The compiler error that you now receive is correct. It looks like you're calling the method with wildcarded generic types, e.g. MyClass<?> and Matcher<MyClass<?>>. Note that a wildcard type argument means "some unknown type", so those arguments could really be MyClass<String> and Matcher<MyClass<Integer>>, which is obviously incorrect.

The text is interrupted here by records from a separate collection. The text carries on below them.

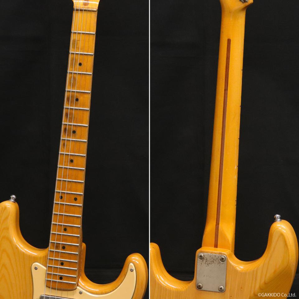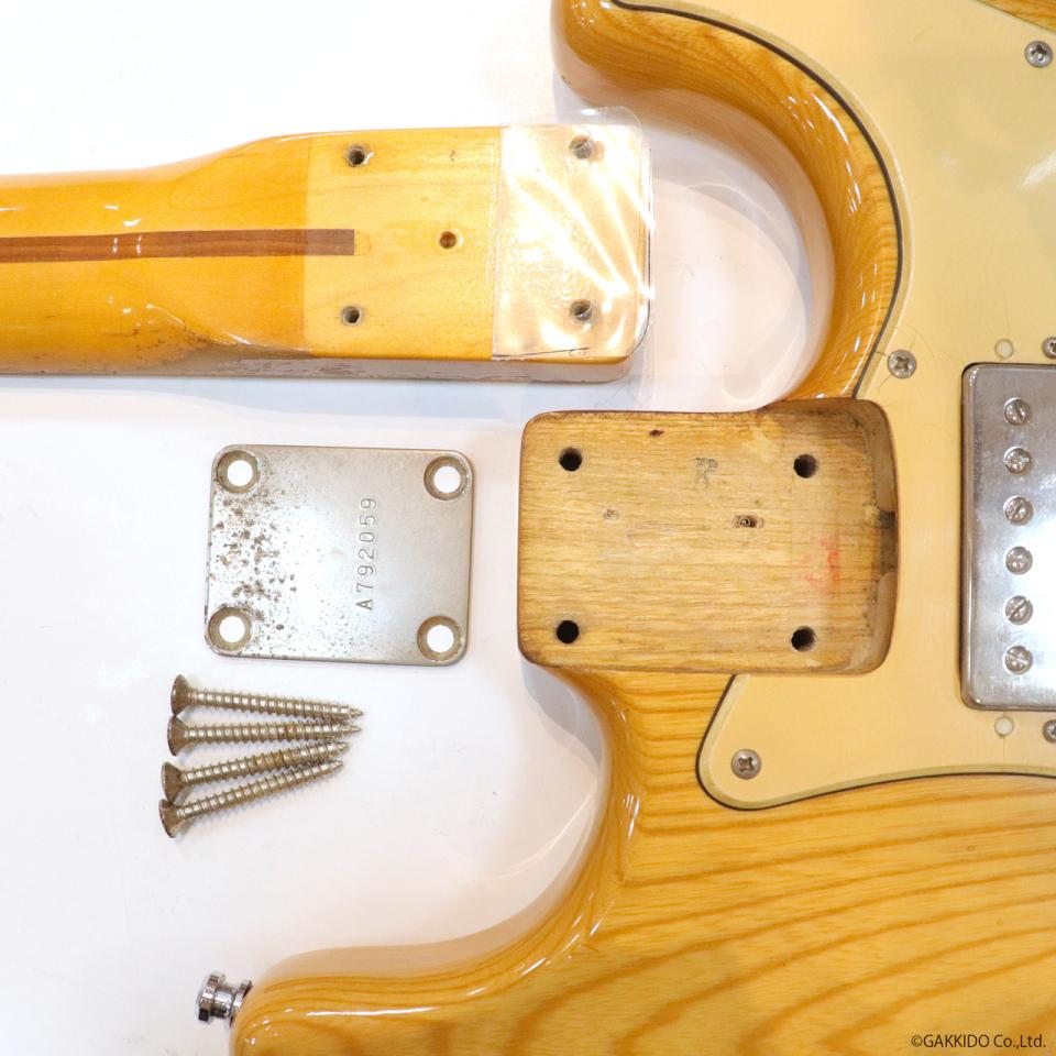 ネックは1ピースのメイプルネックで、ヘッドはリフィニッシュによりロゴのない状態となっていますが、ペグはグレコの6連ペグ、ネックプレートもシリアル刻印などから当時のグレコと思われるものが装備。ジョイントにはプラ板のシムが仕込まれています。
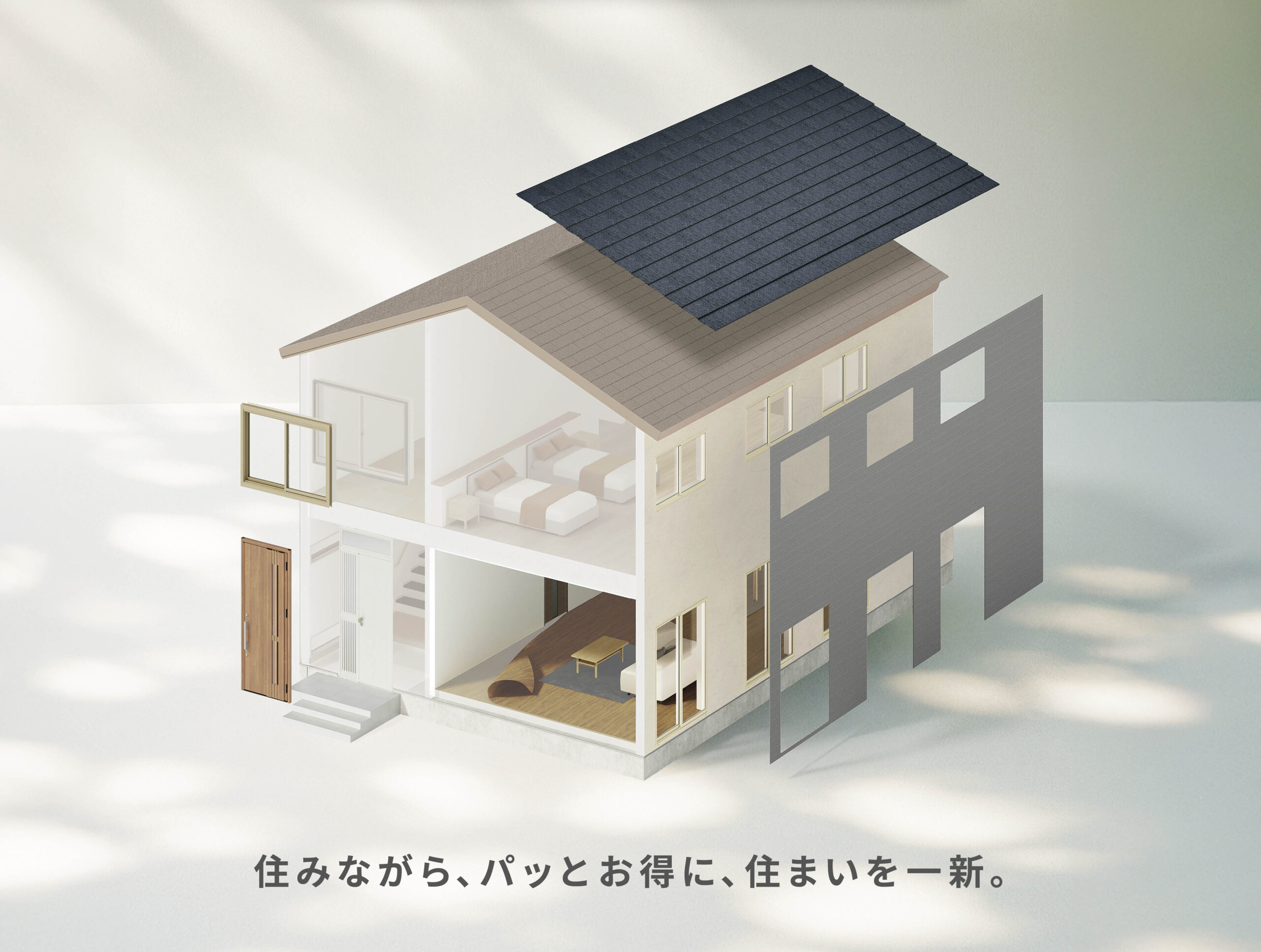 仮住まいや引越しの必要もなく、わが家を、パッと手軽に、快適で美しい住まいに一新できます。
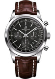 Breitling Transocean Chronograph Watch - Steel - Black Dial - Brown Croco Strap - Tang Buckle - AB015212/BA99/739P/A20BA.1

Using a raw type, e.g. plain MyClass opts out of generic type checking, which is why a call with raw types will compile (but likely fail at runtime with a ClassCastException).

Upvotes: 3

anshulkatta
anshulkatta

Reputation: 2064

EDIT

MyClass and MyClass<?> in Java 6 are not same ,

see this link

For backward compatibility, assigning a parameterized type to its raw type is allowed:

MyClass<String> stringBox = new MyClass<>();
MyClass rawBox = stringBox;               // OK

But if you assign a raw type to a parameterized type, you get a warning:

  MyClass rawBox = new MyClass();

  // rawBox is a raw type of MyClass<T>


  MyClass<Integer> intBox = rawBox;    

// warning: unchecked> conversion

MyClass is not a Generic Type , MyClass<?> is a generic type class which means , MyClass is a containing a type of another class ,

for eg , it is common in Java , we do like this

List<String> listofString = new ArrayList<String>();

here it means variable listofString is a object of List will restrict it contents to only String type of objects. <String> tells generic .

Upvotes: 1

anm
anm

Reputation: 545

As Jon Skeet said, they were not considered equal, that would be incorrect in my opinion. I cannot see any difference if I try in Java 6 and Java 7 - how do you tried this?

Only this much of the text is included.